İşçi, kesinleşen mahkeme kararının tebliğinden itibaren on iş günü içinde işe başlamak için işverene başvuruda bulunmak zorundadır. İşçinin, işe başlama talebini alan işverenin de işçiyi 1 ay içerisinde işe başlatması gerekir(ya da işe başlatmayıp uygulamada “işe başlatmama tazminatı” denilen tazminatı ödemesi gerekir.).

İşverenin, işe başlatma daveti üzerine de işçinin makul bir süre içerisinde işe başlaması gerekir. Ancak bazı hallerde işverence yapılan işe iade daveti, işçinin daha önce bildirmiş olduğu adreste bulunamaması gerekçesiyle işçiye tebliğ edilememektedir. Bu durumda Yargıtay, işverenin adres araştırması yapma zorunluluğu olmadığını kabul etmekte ve işçinin, davete rağmen işe başlamaması gerekçesiyle işverence yapılan feshin geçerli hale geldiğini kabul etmektedir.

Konuya ilişkin olarak Yargıtay 7. H.D.`nin vermiş olduğu kararda; “Somut olayda; davacı açmış olduğu işe iade davasının kabulüne dair kararın Yargıtay incelemesi neticesinde onanarak kesinleşmesi üzerine yasal süresi içerisinde işverene başvurmasına rağmen işe başlatılmadığını iddia etmiş, davalı ise davacının kendilerine göndermiş olduğu işe başlama talebini içeren ihtarnamede yazılı adrese işe başlaması için davet yazısı gönderdiklerini, bu nedenle davanın reddi gerektiğini savunmuştur. Davalı işveren, davacının işe başlatma talebini içeren ihtarnamesinde bildirilen adrese işe başlaması konusunda davet yazısını tebliğe çıkarmıştır. Ancak, "davacı bu adreste tanınmıyor" şerhli olarak tebligat iade edilmiştir. Davacının dava dilekçesinde ve vekaletnamesinde aynı adresi bildirmiş olduğu anlaşılmakla, davalı işverence gönderilen davet yazısı geçerli olup ayrıca davacının başka bir adresinin bulunup bulunmadığını davalının araştırma yükümlülüğü yoktur. Davalının usulüne uygun davetine rağmen davacının işe başlamadığının kabulü ile davanın reddi gerekirken, kabulüne karar verilmiş olması bozma nedenidir.[1] denilmiştir.
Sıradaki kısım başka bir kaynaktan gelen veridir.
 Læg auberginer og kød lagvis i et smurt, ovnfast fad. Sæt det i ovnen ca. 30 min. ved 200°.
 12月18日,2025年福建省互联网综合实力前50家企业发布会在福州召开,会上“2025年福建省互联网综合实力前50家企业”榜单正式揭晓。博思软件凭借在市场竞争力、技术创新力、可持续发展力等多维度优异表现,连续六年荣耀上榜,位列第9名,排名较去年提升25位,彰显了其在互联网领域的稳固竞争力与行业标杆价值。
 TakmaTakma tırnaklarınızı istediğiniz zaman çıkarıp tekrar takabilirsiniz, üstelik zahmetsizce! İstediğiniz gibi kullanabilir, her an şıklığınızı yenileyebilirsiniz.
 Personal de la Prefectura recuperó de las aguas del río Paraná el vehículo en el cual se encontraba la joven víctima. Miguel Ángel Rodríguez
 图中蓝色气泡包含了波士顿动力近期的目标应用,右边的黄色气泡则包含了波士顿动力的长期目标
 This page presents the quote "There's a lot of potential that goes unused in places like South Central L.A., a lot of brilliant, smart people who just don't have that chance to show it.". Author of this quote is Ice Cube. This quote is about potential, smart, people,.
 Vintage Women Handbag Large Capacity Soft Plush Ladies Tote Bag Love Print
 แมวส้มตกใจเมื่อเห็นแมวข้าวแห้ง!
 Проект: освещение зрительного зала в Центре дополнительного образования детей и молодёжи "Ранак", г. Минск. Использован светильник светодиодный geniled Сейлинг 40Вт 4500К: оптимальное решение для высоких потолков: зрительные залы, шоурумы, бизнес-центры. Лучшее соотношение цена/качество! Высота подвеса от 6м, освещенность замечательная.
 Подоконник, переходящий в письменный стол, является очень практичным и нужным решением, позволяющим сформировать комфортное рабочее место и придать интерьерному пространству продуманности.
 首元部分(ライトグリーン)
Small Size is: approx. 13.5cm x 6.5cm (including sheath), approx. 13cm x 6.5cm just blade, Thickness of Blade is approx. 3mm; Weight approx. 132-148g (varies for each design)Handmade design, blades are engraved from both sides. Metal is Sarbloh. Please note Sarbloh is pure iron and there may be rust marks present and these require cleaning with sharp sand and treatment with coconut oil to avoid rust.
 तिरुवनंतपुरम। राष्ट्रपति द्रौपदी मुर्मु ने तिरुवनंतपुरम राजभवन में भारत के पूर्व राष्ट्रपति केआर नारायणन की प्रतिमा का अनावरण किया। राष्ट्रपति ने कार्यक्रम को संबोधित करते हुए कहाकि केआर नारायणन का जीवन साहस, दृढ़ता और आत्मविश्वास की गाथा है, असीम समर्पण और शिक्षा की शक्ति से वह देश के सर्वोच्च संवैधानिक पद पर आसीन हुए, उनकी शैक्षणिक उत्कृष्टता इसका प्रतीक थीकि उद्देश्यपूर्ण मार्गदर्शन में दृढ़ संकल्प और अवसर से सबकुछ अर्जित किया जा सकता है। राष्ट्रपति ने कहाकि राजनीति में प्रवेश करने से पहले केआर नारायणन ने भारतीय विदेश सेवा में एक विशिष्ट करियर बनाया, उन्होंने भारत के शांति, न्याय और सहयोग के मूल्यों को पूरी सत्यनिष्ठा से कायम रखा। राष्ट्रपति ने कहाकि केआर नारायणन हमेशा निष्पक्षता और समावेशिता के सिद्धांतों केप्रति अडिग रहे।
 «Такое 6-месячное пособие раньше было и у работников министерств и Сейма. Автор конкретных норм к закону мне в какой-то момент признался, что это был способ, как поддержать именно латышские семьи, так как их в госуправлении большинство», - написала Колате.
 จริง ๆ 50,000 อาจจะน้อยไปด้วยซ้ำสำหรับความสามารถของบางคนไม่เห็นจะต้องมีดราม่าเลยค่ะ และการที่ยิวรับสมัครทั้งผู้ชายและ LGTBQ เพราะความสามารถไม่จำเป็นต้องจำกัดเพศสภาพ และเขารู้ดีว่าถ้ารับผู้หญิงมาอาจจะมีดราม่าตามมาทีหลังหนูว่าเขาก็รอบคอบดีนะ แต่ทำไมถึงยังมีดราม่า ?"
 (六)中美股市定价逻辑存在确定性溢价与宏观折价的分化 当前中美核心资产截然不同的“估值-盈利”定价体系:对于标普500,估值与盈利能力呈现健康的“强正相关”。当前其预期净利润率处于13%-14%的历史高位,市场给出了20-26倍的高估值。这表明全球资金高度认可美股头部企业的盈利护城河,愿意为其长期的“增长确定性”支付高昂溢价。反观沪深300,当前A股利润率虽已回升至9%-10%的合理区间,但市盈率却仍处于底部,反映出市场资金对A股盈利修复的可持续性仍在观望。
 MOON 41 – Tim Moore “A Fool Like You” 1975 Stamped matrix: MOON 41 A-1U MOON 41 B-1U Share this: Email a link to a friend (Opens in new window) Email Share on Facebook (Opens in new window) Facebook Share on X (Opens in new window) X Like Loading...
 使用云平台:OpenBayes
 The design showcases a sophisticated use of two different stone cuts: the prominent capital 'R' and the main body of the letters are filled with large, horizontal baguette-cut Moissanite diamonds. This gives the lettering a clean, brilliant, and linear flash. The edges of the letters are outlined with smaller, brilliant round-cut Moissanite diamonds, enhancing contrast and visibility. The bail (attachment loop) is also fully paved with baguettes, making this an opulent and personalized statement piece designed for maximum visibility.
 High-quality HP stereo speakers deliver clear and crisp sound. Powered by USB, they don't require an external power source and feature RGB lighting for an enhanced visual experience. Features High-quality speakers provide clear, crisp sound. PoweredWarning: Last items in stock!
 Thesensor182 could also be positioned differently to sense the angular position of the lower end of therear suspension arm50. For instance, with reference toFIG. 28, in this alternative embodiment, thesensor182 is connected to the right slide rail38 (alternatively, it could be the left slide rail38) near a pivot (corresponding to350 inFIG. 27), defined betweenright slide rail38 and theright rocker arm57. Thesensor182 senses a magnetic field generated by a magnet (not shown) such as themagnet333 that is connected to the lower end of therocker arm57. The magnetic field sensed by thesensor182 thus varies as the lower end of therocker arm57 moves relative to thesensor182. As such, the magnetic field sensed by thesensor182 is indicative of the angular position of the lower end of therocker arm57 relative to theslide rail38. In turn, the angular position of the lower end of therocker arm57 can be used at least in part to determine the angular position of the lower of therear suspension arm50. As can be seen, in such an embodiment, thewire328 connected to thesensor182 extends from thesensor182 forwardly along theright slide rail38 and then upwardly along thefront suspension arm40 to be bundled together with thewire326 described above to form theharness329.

Benzer yönde olmak üzere Yargıtay 9. H.D.`nin konuya ilişkin vermiş olduğu kararda; “Somut olayda, Gebze ...İş Mahkemesi'nin … sayılı ilamı (İşe İade Kararı) Dairemizin … sayılı İlamı ile onanmış ve işbu onama ilamı davacı vekiline 05.11.2009 tarihinde tebliğ edilmiş, davacı da vekili marifetiyle işe başlatılması için işverene ihtarname göndermiş ve APS ile gönderilen bu ihtarname 09.11.2009 tarihinde muhatabına teslim edilmiş, işveren ise işçiye Noterden keşide ettiği 24.11.2009 tarihli ihtarnamede ihtarnamenin tebliğinden itibaren 7 gün içinde işbaşı yapmasını aksi halde işe iade ve talep hakkından feragat etmiş sayılacağını belirtmiş ise de bu ihtarname muhatabın ismen tanınmadığından bahisle işçiye tebliğ edilemeyerek bila ikmal iade edilmiştir. İşverenin işçiye keşide ettiği işe davet ihtarnamesindeki adres ile işçi
tarafından işveren aleyhine yapılan icra takibindeki adres aynıdır. (… Mah. … sok. … Gebze/Kocaeli) . Bu durumda, işverenin yasal 1 aylık süre içinde işçiyi işe davette samimi olduğu, işçi tarafından işverene bildirilmeyen adres değişikliği nedeniyle yapılamayan tebligattan işveren sorumlu tutulamayacağından 31.05.2008 tarihli fesih geçerli hale gelmiş olup, kıdem ve ihbar tazminatlarının buna göre hüküm altına alınması, boşta geçen süre ücreti ile işe başlatmama tazminatının ise reddi gerekirken yazılı şekilde hüküm tesisi isabetsiz olup bozmayı gerektirmiştir.
[2] denilmiştir.

Av. Erdoğan KAYA

www.gurselavukatlik.com

 

[1] 2016/34834 E. , 2016/17413 K. sayılı ve 24.10.2016 tarihli kararı.

[2] 2014/20506 E. , 2014/29149 K. sayılı ve 02.10.2014 tarihli kararı.